Posted on:1997-01-24Degree:Ph.DType:Dissertation
University:University of California, BerkeleyCandidate:Wayman, Wendy JaneFull Text:PDF
GTID:1465390014484220Subject:Language
Abstract/Summary:
This study explores the models of language inherent in the history of thought and scholarship on composition, literacy and language influencing those operating both tacitly and explicitly in the beginning college writing classroom. Using scholarly, ethnographic and case study methods, this study argues that as participants of academic culture, beginning students and seasoned teachers alike, share notions of the nature and purpose of speech and writing reflecting a traditional bifurcation of perspectives on language: as seen either from the viewpoint of the speaker experiencing language as energeia, or from the observer viewing language as a rule-governed artifact. However, the classroom models reflect attenuated and polarized versions of their traditional scholarly forms.
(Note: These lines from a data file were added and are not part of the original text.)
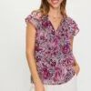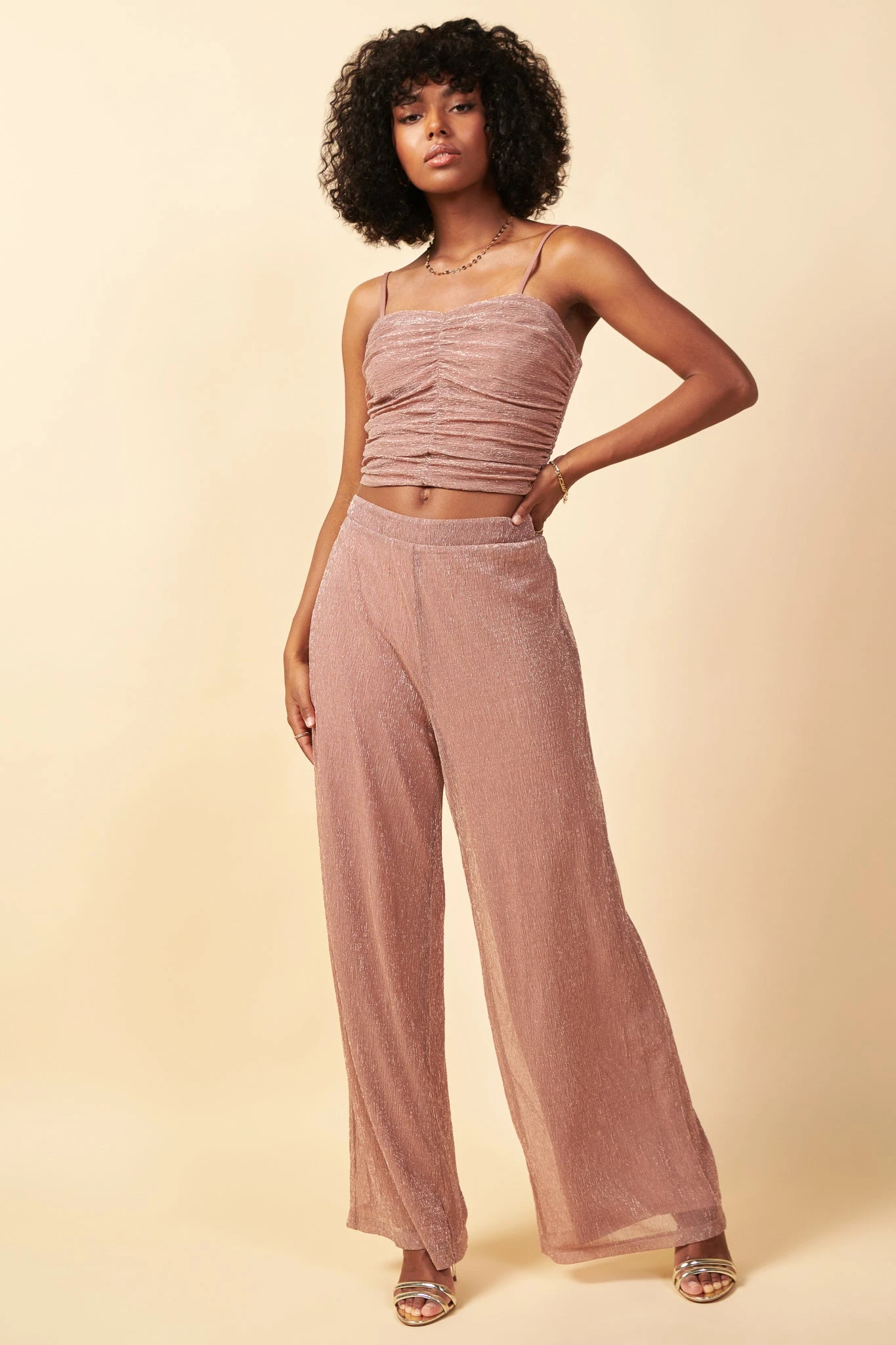 A cascading raw-edged ruffle brings playful movement to this little ruched top with removable spaghetti straps. Crafted from sparkling Lurex-threaded mesh, it’s got a smocked back and slightly cropped length that perfectly complements a pair of high-waisted pants.
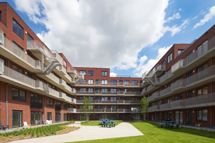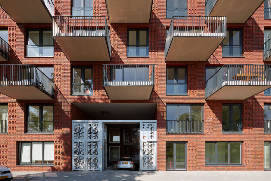 Roodbruin metselwerk met zwartgrijze kozijnen geven eenheid aan de gevels. De vensters aan de straatzijde zijn verdiepinghoog. Een verticaal gemetseld vlak met veel relief naast elk venster biedt visuele afwisseling aan de passant. De buitenruimten van de appartementen variëren in vorm: een Frans balkon, een balkon dat half uit de gevel steekt, de kopwoningen hebben een dakterras. Aan de kopse kanten van het bouwblok, waar de openbare ruimte het grootst is, kragen de balkons volledig uit.
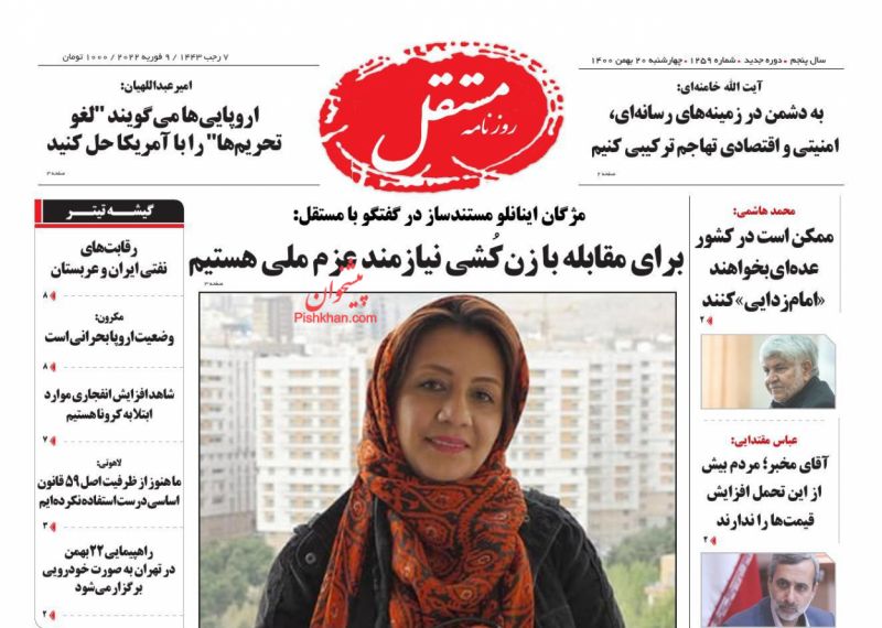 مستقل ، چهارشنبه ۲۰ بهمن

This study contributes to the restoration of the classroom models by exploring them in various social-historical contexts of composition, literacy and linguistic studies, from the work of Wilhelm von Humboldt and Ferdinand de Saussure, to the debate over pedagogy at Dartmouth. An ethnographic study of two Basic Writing classrooms and case studies of the experiences of five student writers illustrate the function of traditional models as they interact with each other in the classroom, becoming dynamic forms in the relationships among the institution, the teacher, the students, and their experiences with language. Teacher and student writers who recognize their own tacit models, as well as parallels between their own experiences and traditional theoretical struggles, can gain insight thereby into many of the problems encountered in both their writing classroom and their texts. This study concludes that when balanced within a functional repertoire of models, the traditional models for language can be legitimate and helpful constructs for the teaching and learning of writing. However, both teachers and students must combine an understanding of this heritage with the self-reflection necessary to discover their own models of language and the forms they take in their particular classroom context.